● **Assigned task**: Copy nothing from the entries below except the lines from the one containing "この天然100%の絞りたての" through the one containing "Κάποιος έχει ρίξει", and copy those exactly.

● **Recorded information**:

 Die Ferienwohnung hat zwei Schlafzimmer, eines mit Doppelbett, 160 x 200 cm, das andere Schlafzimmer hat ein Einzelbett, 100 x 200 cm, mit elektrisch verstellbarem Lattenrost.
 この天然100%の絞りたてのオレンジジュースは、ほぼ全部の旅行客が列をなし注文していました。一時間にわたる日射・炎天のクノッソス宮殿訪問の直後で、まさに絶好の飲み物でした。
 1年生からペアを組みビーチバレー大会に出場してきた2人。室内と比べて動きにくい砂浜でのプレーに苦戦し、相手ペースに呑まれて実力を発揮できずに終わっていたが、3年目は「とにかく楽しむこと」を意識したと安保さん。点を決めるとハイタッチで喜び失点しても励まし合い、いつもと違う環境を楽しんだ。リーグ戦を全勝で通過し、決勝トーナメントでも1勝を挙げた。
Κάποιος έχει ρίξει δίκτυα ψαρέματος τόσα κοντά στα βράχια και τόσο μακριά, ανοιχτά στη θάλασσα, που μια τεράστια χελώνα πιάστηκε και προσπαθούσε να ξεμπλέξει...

...

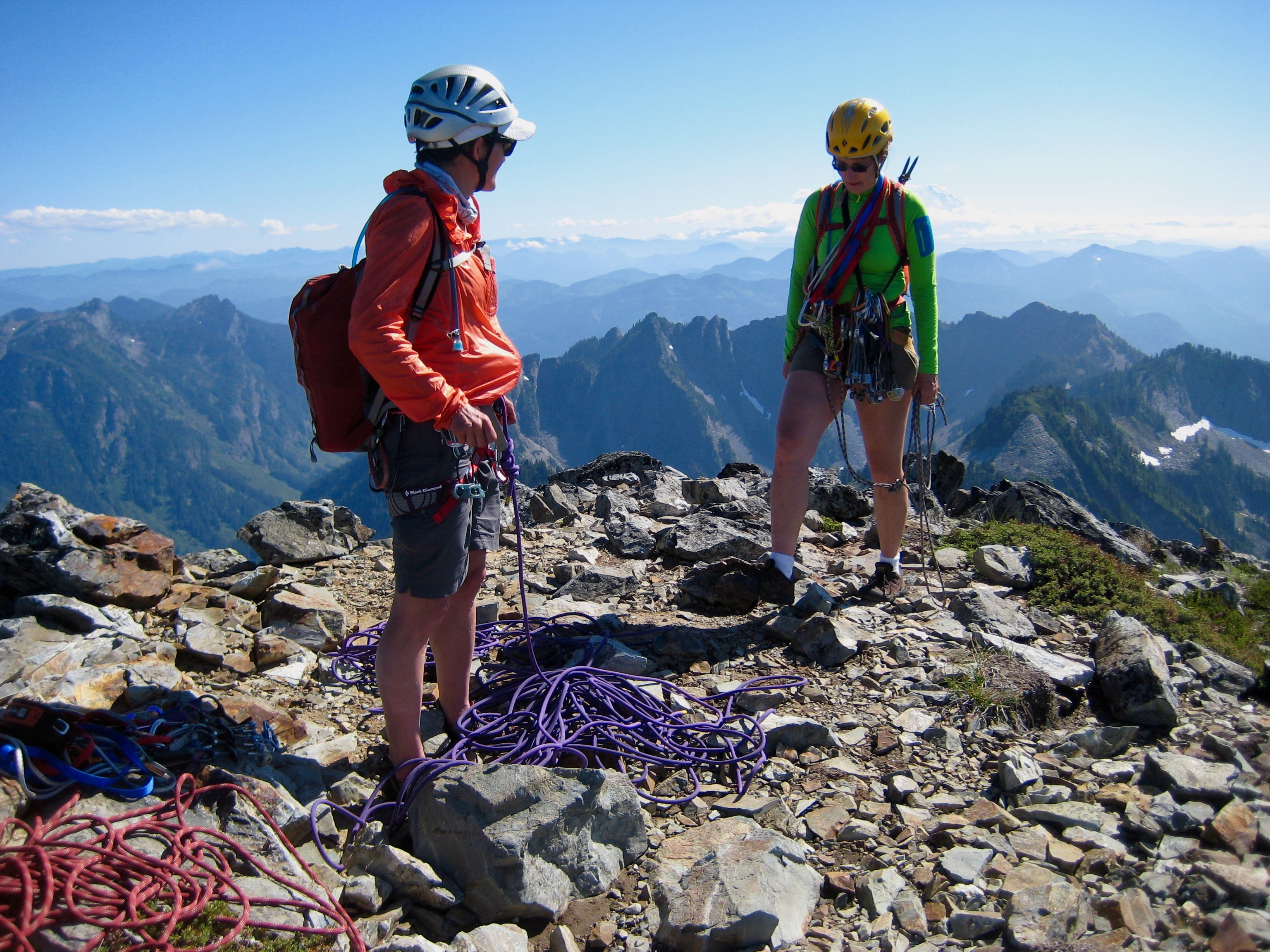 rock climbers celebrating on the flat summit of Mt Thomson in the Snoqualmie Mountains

---

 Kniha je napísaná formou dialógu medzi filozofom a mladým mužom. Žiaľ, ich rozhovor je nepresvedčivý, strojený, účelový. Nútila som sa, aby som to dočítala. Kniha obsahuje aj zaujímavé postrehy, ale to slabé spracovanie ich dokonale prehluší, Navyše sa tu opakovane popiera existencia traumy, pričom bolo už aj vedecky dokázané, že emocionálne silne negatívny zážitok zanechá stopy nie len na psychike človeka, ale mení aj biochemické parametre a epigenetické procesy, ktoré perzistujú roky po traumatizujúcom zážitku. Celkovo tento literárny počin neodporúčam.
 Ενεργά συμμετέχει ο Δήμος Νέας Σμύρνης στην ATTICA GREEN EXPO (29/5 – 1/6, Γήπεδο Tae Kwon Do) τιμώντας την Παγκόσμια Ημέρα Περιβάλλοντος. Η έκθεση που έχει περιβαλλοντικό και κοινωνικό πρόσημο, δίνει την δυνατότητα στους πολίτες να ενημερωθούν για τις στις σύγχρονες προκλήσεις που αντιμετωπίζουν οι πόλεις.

● **Expected output**:
 この天然100%の絞りたてのオレンジジュースは、ほぼ全部の旅行客が列をなし注文していました。一時間にわたる日射・炎天のクノッソス宮殿訪問の直後で、まさに絶好の飲み物でした。
 1年生からペアを組みビーチバレー大会に出場してきた2人。室内と比べて動きにくい砂浜でのプレーに苦戦し、相手ペースに呑まれて実力を発揮できずに終わっていたが、3年目は「とにかく楽しむこと」を意識したと安保さん。点を決めるとハイタッチで喜び失点しても励まし合い、いつもと違う環境を楽しんだ。リーグ戦を全勝で通過し、決勝トーナメントでも1勝を挙げた。
Κάποιος έχει ρίξει δίκτυα ψαρέματος τόσα κοντά στα βράχια και τόσο μακριά, ανοιχτά στη θάλασσα, που μια τεράστια χελώνα πιάστηκε και προσπαθούσε να ξεμπλέξει...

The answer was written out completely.